Slavoj Žižek is a well-known, contemporary, post-modern philosopher of the so-called "continental" school that I often like to read.  I have read (or attempted to read) several of his books, and find his thinking fascinating.  If I was a "practicing philosopher" – as opposed to a strictly recreational one – his is the sort of philosophy I'd be trying to practice.

So I was excited to find a two hour presentation of his on FORA.tv.  An amazingly smart fellow-foreigner-in-Yeonggwang, a Quebecker named Matty, pointed me at the website FORA.tv a week or so ago – there's a lot of interesting things there, and I can tell it will be a place I visit regularly. 

Unfortunately, as compelling as I find Žižek's thought in writing, his spoken English is quite difficult to understand.  It was like listening to someone you really want to understand in a language you don't know very well – in other words, exactly like every single day of my life, here in Korea.  I hope I can find the text of his presentation on "God becoming an atheist" and other Lacanian approaches to Christianity – which is, as best I can figure out, what he was talking about.

While at FORA.tv, I also found a much more enjoyable presentation by the linguist Daniel Everett, on the issue of disappearing languages and his seemingly somewhat Whorfian take on why they should be preserved.  I might disagree with that aspect, but I like that he's challenging Chomsky on such issues as the universality of syntactic recursion, and he's a compelling presenter.
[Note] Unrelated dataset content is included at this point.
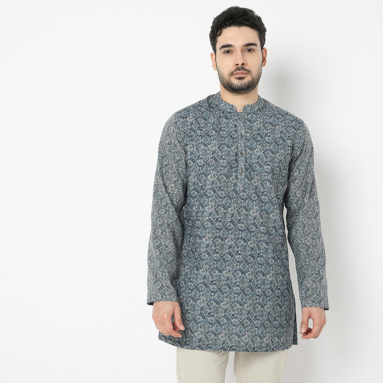 This printed pattern kurta has a mandarin collar and full sleeve. Made from cotton polyester, it is soft and comfortable to wear.
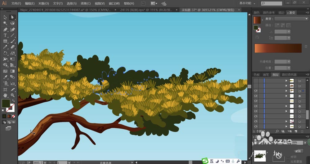 4、这一步,我们开始绘制松树,先用红棕色的渐变填充松树的轮廓,再分别做出暗光与高光效果,接着,我们用暗绿色、绿色、黄绿色分别填充松树的叶片,让其从明到暗分布在松树上面。

I don't really trust my little apartment's thermostat, but it alleges that the temperature inside has dropped below 20 C, for the first time that I've noticed.  So far, I haven't turned on the ondol (floor heating) – it seems to be well-insulated and/or to benefit from the heat of the neighbors' apartments (unlike most Korean apartments that I've ever experienced or heard about).  I was watching the news last night in Korean, and they say (well, I think they say – there's always some room for misunderstanding) that snow and cold are coming.